Message from WHO SEARO Regional Director on the occasion of World Health Day 2018

The promise of universal health coverage (UHC) is bold: that all people can access quality health services, when and where they need them, without suffering financial hardship.

UHC’s benefits are clear. UHC is central to improving health and well-being. Healthier populations in turn create more productive economies that raise living standards. UHC also strengthens health security by making it easier to contain the spread of infectious disease and respond effectively to natural disasters. UHC will help achieve a healthier, more equitable and secure South-East Asia Region.

Importantly, UHC is feasible: whether a country is rich or poor, progress is possible. Some countries, including in the WHO South-East Asia Region, began their path to UHC when they were low-income. That is a critical point: No-one starts from zero; there are always opportunities to move ahead.

Since 2014 WHO South-East Asia has worked to leverage those opportunities, identifying UHC as a Flagship Priority, and – in consultation with Member countries – implementing a series of game-changing initiatives.

That includes launching the Decade for Strengthening Human Resources for Health 2015-2024, which gives special attention to improving the education and performance of health workers, while also intensifying efforts to retain health workers in rural and hard-to-reach areas.

There has also been increased attention on adapting frontline services to meet the changing health needs of the Region’s ageing population, as well as the growing burden of noncommunicable diseases. This is essential: Apart from the Region-wide shift to more sedentary lifestyles, by 2020 more people in the Region will be over 60 than under-5 years old.

Increasing access to essential medicines is also fundamental. Innovative forms of co-operation such as the South-East Asia Regulatory Network, which pools the Region’s regulatory resources, will help make safe, good quality medicines more accessible. So will new initiatives to improve affordability, such as the Region’s medicines price information sharing platform. Steps towards pooled procurement, starting with antidotes, will especially benefit smaller countries by increasing their bargaining power.

Encouragingly, according to the latest data, essential health services coverage has improved in all of the Region’s 11 Member countries. That is to be celebrated. But Region-wide challenges remain immense. Almost half of the South-East Asia Region’s population still lacks access to essential health services. At least 65 million people are impoverished because of health spending, with medicines being the leading cause of out-of-pocket payments.

Given the Region’s sustained economic growth, accelerated progress is both possible and necessary. Many different players need to be involved. Action across sectors is essential to advance UHC. Within the health sector, priority health programmes clearly play a major role. But to make health services truly universal they must be designed around and for people, rather than around diseases or institutions. Doing so will have immediate and lasting impact.

To that end, increased public spending on health is crucial. Increased public spending will support additional services, and is a pre-condition for improved financial protection. As a Region, government spending on health as a share of GDP remains low. Increasing health budgets is possible even if it is challenging. Encouragingly, since the turn of the millennium five of the Region’s Member countries have done so.

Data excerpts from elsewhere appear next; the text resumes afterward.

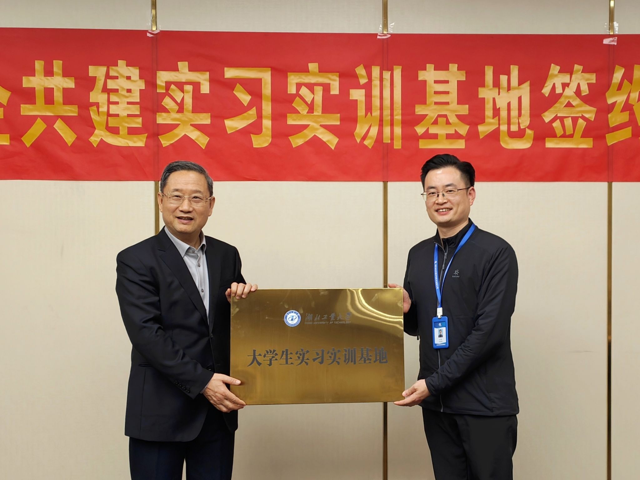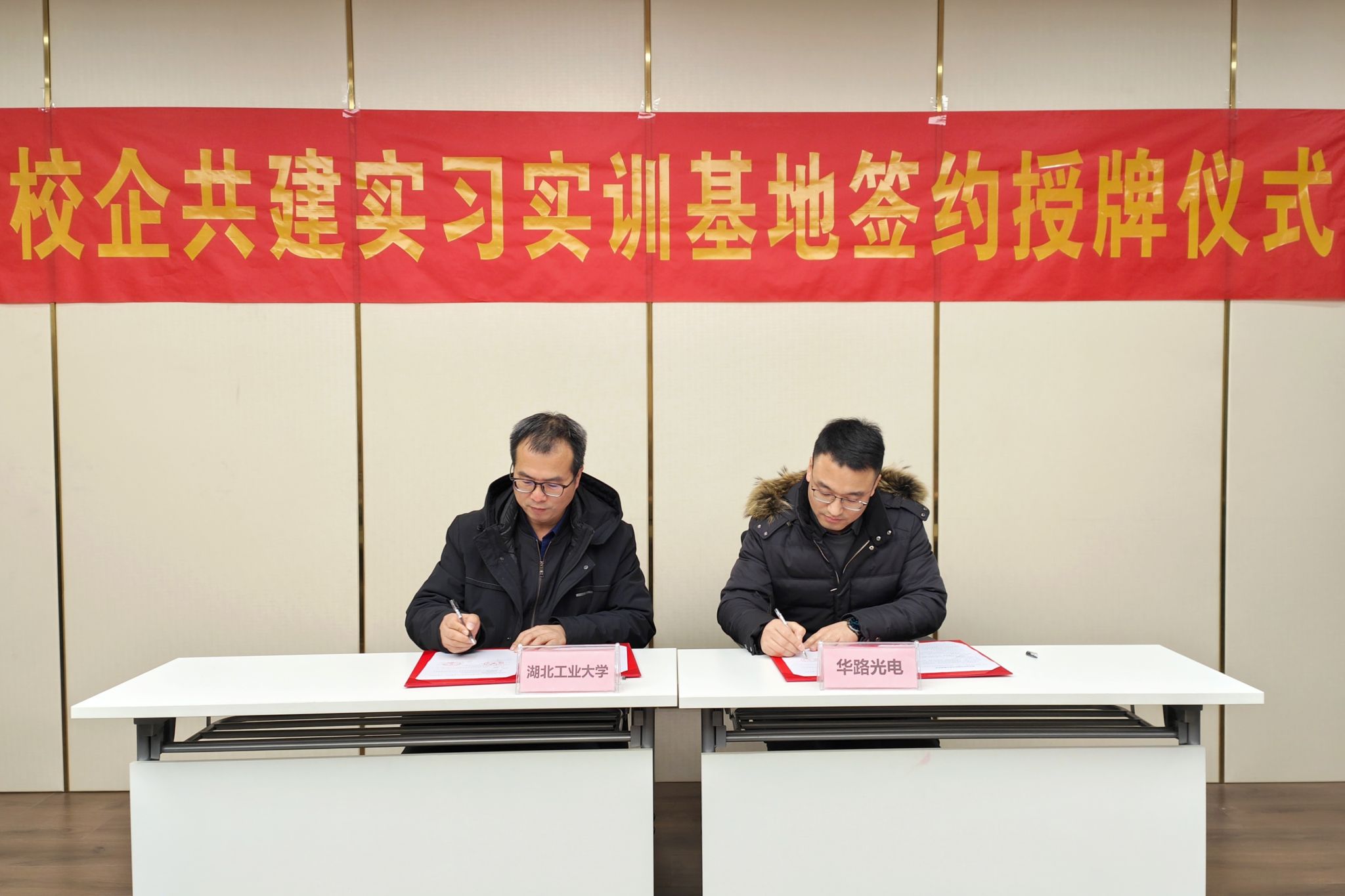 根据议程安排,教务处处长张道德与梁相鹏签署校企共建实习实训基地协议。彭育园与李罡共同为湖北工业大学大学生实习实训基地揭牌。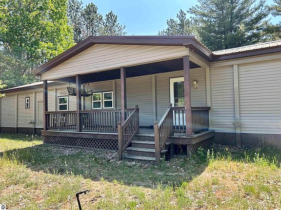 Remarkable property on 10 beautiful treed acres offers a solid manufactured home with a large addition and covered front porch, vinyl siding and metal roof. Additional storage in the oversized 2-car garage with 100 amp service. This serene location offers a cozy home with potential, awaiting your personal updates. The wooded landscape provides privacy and opportunities for many outdoor activities. Conveniently located near state land and downtown Kingsley. Don't miss out on this unique property.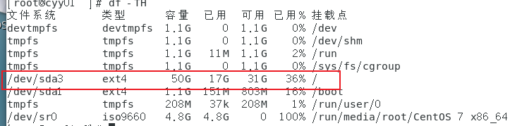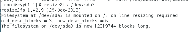 输入 redize3fs /dev/sda3 (我是3,你们自己看着来)

But more money for health is not enough. Money must also be spent wisely. There is good evidence that investment in frontline services is cost effective – all WHO’s ‘best buys’ can be delivered there. Money also needs to be channeled to service providers in ways that are equitable and efficient. There is increasing interest in moving to more ‘strategic purchasing’ in the Region: defining more clearly what services will be delivered, by whom and how providers will be paid. Though this sounds complex, in essence it means organizing health systems in ways that over the right services to the people who need them.

Finally, monitoring matters. Monitoring helps us understand who is being left behind and why. It is essential for accountability. And it helps us learn what is working and what is not, so we can make changes where needed. Member countries have been at the forefront of developing national approaches to monitor progress on UHC and the health-related SDGs. They have also collectively agreed to review progress on UHC and SDG3 (the health goal) at WHO South-East Asia’s Regional Committee every year until 2030. That will prove critical to gauging progress and maintaining momentum.

Today, on World Health Day 2018, I call on all to honour a promise that is bold yet simple, and that will change the lives of millions of people across the Region – health coverage that is universal; health coverage that is for everyone, everywhere and leaves no one behind.

>> Dr Poonam Khetrapal Singh is a 
Regional Director of WHO South-East Asia Region.